• [TASK DIRECTIONS]: Ignoring every picture, return the lines of the listing below word for word, from the line that holds "Fairycore Paperbag Waist" through the line that holds "Each of the".

• [RECORDS FOR THIS EXERCISE]:
'''
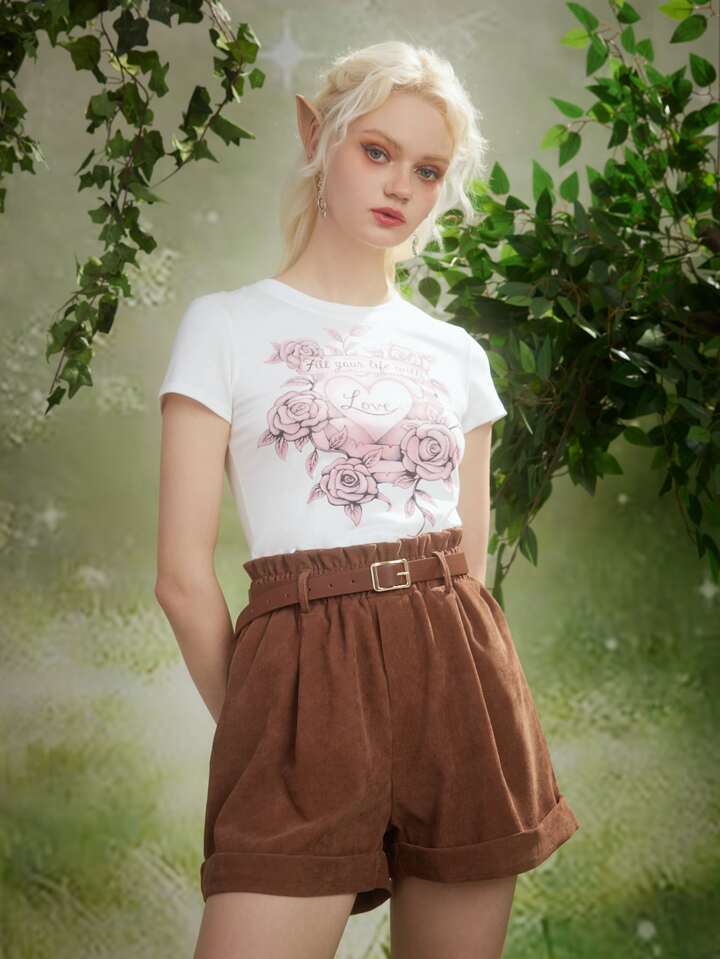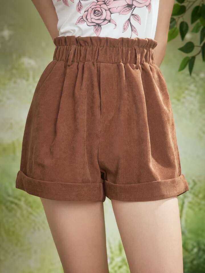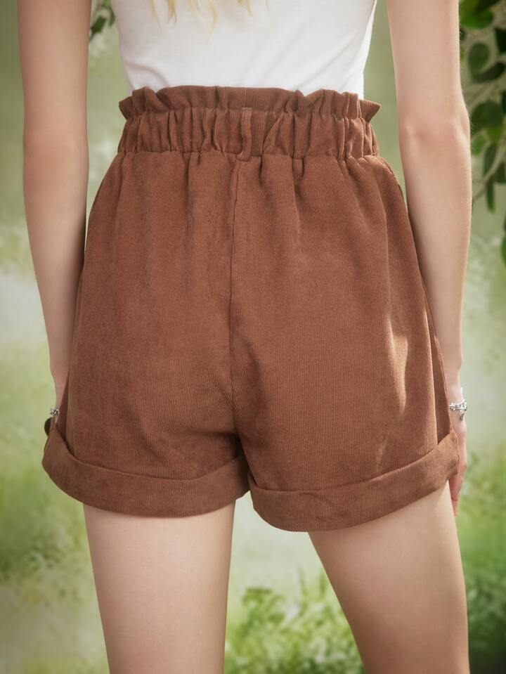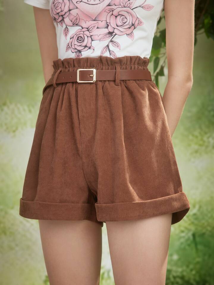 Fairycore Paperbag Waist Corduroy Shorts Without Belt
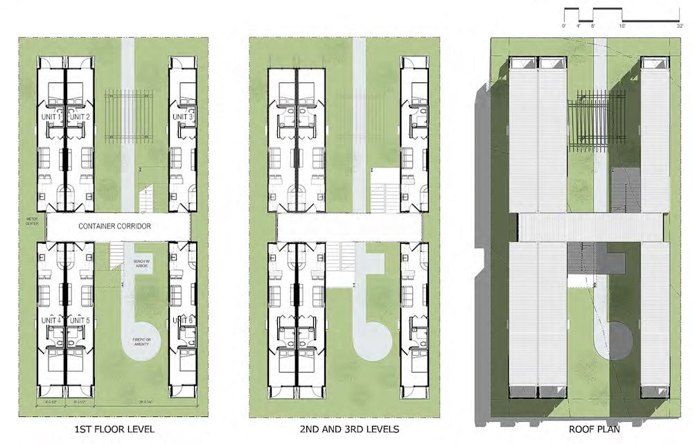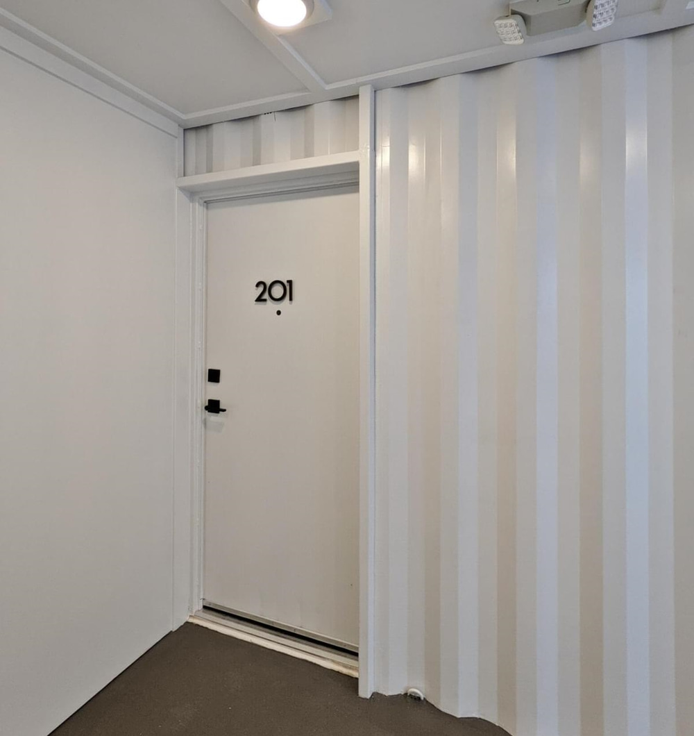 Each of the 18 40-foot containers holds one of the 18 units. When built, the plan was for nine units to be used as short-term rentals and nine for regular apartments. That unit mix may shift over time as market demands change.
'''
'''
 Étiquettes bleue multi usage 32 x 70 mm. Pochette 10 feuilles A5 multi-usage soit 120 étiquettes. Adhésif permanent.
'''
• [WRITTEN REPLY]:
 Fairycore Paperbag Waist Corduroy Shorts Without Belt
 Each of the 18 40-foot containers holds one of the 18 units. When built, the plan was for nine units to be used as short-term rentals and nine for regular apartments. That unit mix may shift over time as market demands change.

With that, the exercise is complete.